He was trying very hard to be utterly respectful in light of their previous meetings. In return, she thought it high time to end her hypocrisy and listen to him on his customs and beliefs. Of course, she had been surrounded by them from a young age and was socially obligated to be aware of the others' culture, but she realised there was still much she did not know; she wrote down everything she learnt from him and added it to her notes from her lessons with the rabbi.

"My mother spends more time in prayer than anything else," he told her once after she asked about his family's religious inclinations. "My older sister and my little brother are similarly devoted, but the rest of my siblings and my father mostly only turn to the Gods during festivals, or dire situations. Religion is a part of life for them instead of something truly prominent,"

"And you?"

"I don't know. I have been confused about religion since I met you," he said. "You see, we know there are other religions and Gods. Even the King worships in other ways to us. However, your ideas are so utterly different. How can one of us be right and one of us be wrong with so much in between?"

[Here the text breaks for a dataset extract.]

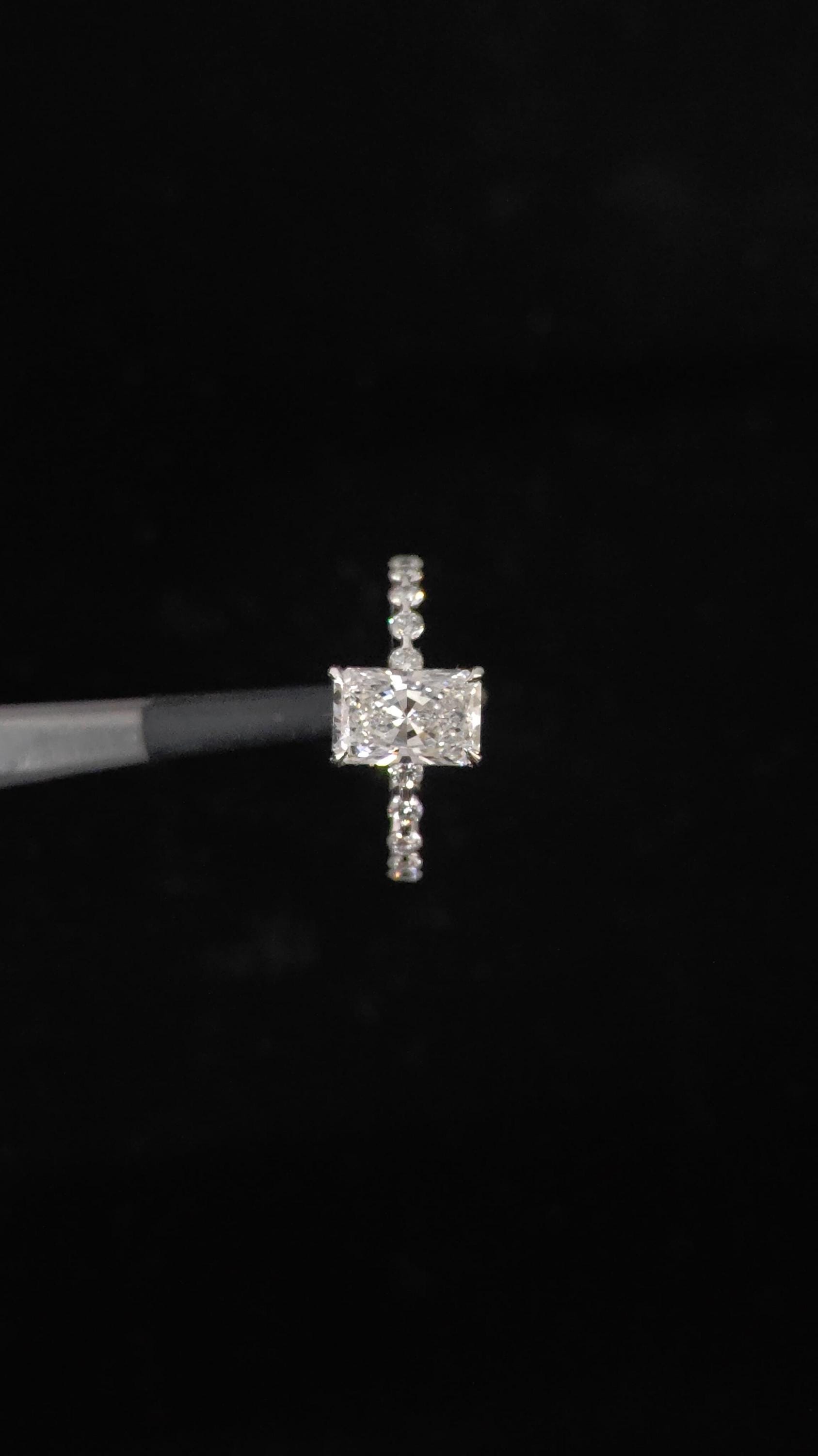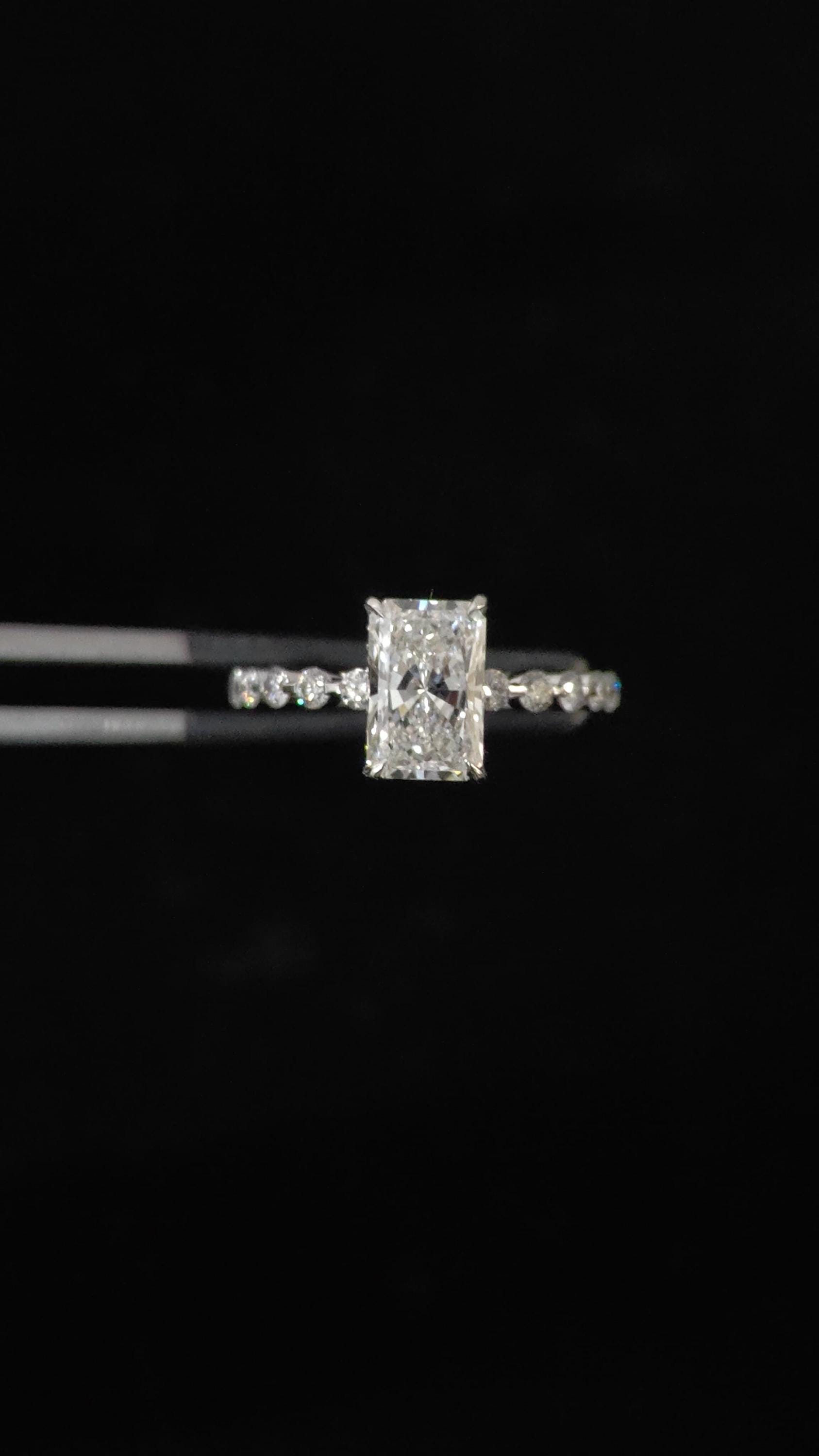 Celebrate your forever with this elegant lab-grown radiant cut diamond engagement ring, crafted in luminous 14K white gold. Featuring a beautifully proportioned 1.57 carat radiant-cut center stone in D color and VS1 clarity, this ring delivers exceptional brilliance with a clean, modern silhouette.

"You shouldn't think about if it's right or wrong. All that's important is that you fully believe in what resonates with you,"

"I don't know. Could I pray to your G-d?" he asked.

"Yes. Whenever you want. He will be listening,"   she told him.

And so continued their exploration of religion and philosophy, all which was in a much kinder nature than her sharp arguments with Tobijah had been.

Hodaya and Aldwyn were wildly different in upbringing and beliefs. However, they shared many similar ideals such as diplomacy. For them, the point of debating was to find peace and understanding between contrasting ideas.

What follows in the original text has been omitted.